The moral policing actions of the mob-moralists erupting across the length and breadth of our country could also be seen as the manipulation of the psychological bend of humans that turns into orchestrated social actions. It is the same spirit that superimposes the frenzied propagation of vicarious media entertainment and the sadistic pleasures derived from the plight of the victims who have been surreptitiously harassed in many a social sphere. This kind of celebration of mob psychology is also a recurrent feature of stage shows, reality shows, social networking and instantaneous appreciation of art or literature.
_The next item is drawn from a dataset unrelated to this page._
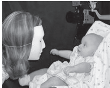
Fig. 3. (a) Natural, (b) still-face, and (c) masked-face conditions with mother.

with their infants (see Figure 3b), and (c) a condition during which mothers wore a mask to conceal their facial expressions, but were instructed to talk to their infants as usual (see Figure 3c). Thus, during the mask condition mothers were unable to communicate with their infants as they usually did, because something interfered with this activity, thereby providing infants with a cue or reason (mask) why there were changes in

An examination of the popular culture reveals that the entertainment industry controls structures of knowledge, values, and power, and consequently, collective identities of social groups are largely shaped by the popular visual culture manifested in, and propagated through, the visual media. Hence the mutual influence exercised by literature and culture cannot be understood if we ignore the diverse ways in which people become acculturated with the sensationalism recreated by virtual reality
The modes of thinking and the styles of action in the post-structuralist world are characterised by the absence of permanence and consistency with regard to theories and ideologies. In fact, the forces that influence them are the drifting elements and passing phenomena of the virtual world. The young minds are receptive to the drifting images projected by the virtual world that offer no permanence but vicarious entertainment that can occasionally supplement their perception of success. Hence any drifting artefact letting out some mirage of novelty attracts attention and appreciation. The sweeping popularity of the ‘kolaveri song’ in Tamil and the (in) famous Santhosh Pandit Malayalam film that frenzied the crowds amply prove this point. The former has already hit the B-Schools as a fit subject of case study exemplifying ‘viral marketing’ whereas the latter with all its crudeness has become ‘infamously popular’ with the youngsters thronging cinemas to give vent to their base instincts and get pleasure out of it.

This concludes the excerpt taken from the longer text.